The statement, issued ahead of its full-year results for the 52 weeks to 12 September 2019, reported continued strong performance from ABF’s grocery division – boosted by improved manufacturing capacity at Jordans, Dorset Cereals and Ryvita and strong revenue growth from Twinings Ovaltine – but anticipated the decline of AB Sugar would put a dent in this year’s profits.
However, Rollits corporate finance director Julian Wild said ABF was a “very well-oiled machine” that continued to “trundle along with strong performances from Primark in retail and also from the grocery business”.
“All in all, the statement suggests that the full year results to September will be in line with expectations, so no surprises. ABF’s share price was down in early trading, indicating some early profit-taking, but there are not many safer bets than ABF around.”
Wild also noted that a substantial amount of ABF’s business was being performed outside the UK. As such, the weakness of sterling – brought about by the confusing political state of the UK thanks to Brexit – was beneficial to the business.

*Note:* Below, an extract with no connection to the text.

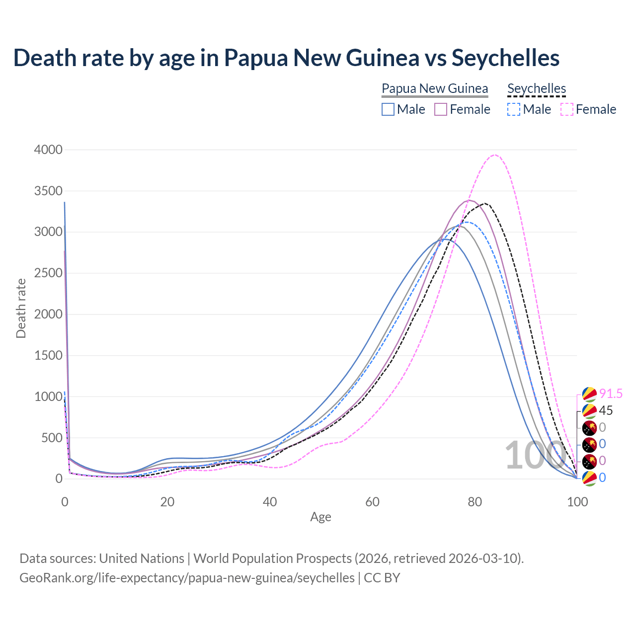 In Papua New Guinea, the most common age of death is 0, compared to 82 in the Seychelles. The median age of death is 71.7 in Papua New Guinea and 77 in the Seychelles, meaning only half of each cohort is expected to live past that age.

Market analyst Steve Miley noted that ABF came to the same conclusion.
“With two-thirds of the revenue generated outside the UK, the company has announced the completion of the Brexit preparations and has put the contingency plans in place in case of disruptions caused by Great Britain exiting the EU,” Miley added.
“The cash levels held at the end of the period will allow the company to navigate unforeseen events caused by the departure from the European bloc.”
Helping along the business was an increase in cash flow, up almost 50% to £900m, thanks to a lower expenditure on food business in the reported period. ABF’s full-year results are scheduled to be announced on 5 November 2019.